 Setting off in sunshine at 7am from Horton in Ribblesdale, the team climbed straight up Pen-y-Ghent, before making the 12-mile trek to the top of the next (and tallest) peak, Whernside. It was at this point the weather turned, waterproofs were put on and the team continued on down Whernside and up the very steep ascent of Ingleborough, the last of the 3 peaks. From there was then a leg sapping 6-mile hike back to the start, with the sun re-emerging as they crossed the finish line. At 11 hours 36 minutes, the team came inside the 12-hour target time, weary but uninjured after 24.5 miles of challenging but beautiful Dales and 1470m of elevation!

--

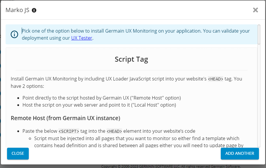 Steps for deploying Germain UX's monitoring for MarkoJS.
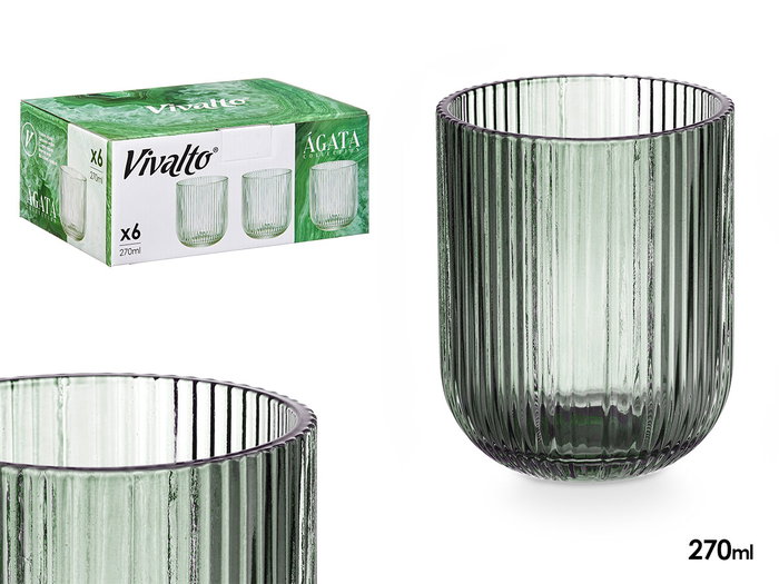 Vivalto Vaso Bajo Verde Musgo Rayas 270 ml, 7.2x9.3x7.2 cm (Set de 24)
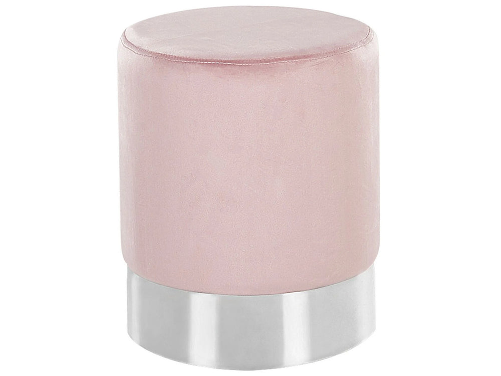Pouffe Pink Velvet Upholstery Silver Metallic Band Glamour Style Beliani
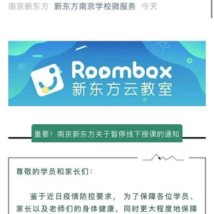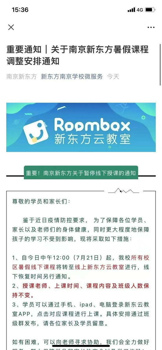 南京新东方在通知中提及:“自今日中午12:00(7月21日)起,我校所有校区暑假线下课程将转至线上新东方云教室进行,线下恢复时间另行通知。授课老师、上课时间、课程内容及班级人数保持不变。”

(Problem) Take the material above from the line bearing "Steps for deploying" through the line bearing "Pouffe Pink Velvet" and write it out exactly, both end lines included. Pictures stay out.

(Worked solution)
 Steps for deploying Germain UX's monitoring for MarkoJS.
 Vivalto Vaso Bajo Verde Musgo Rayas 270 ml, 7.2x9.3x7.2 cm (Set de 24)
Pouffe Pink Velvet Upholstery Silver Metallic Band Glamour Style Beliani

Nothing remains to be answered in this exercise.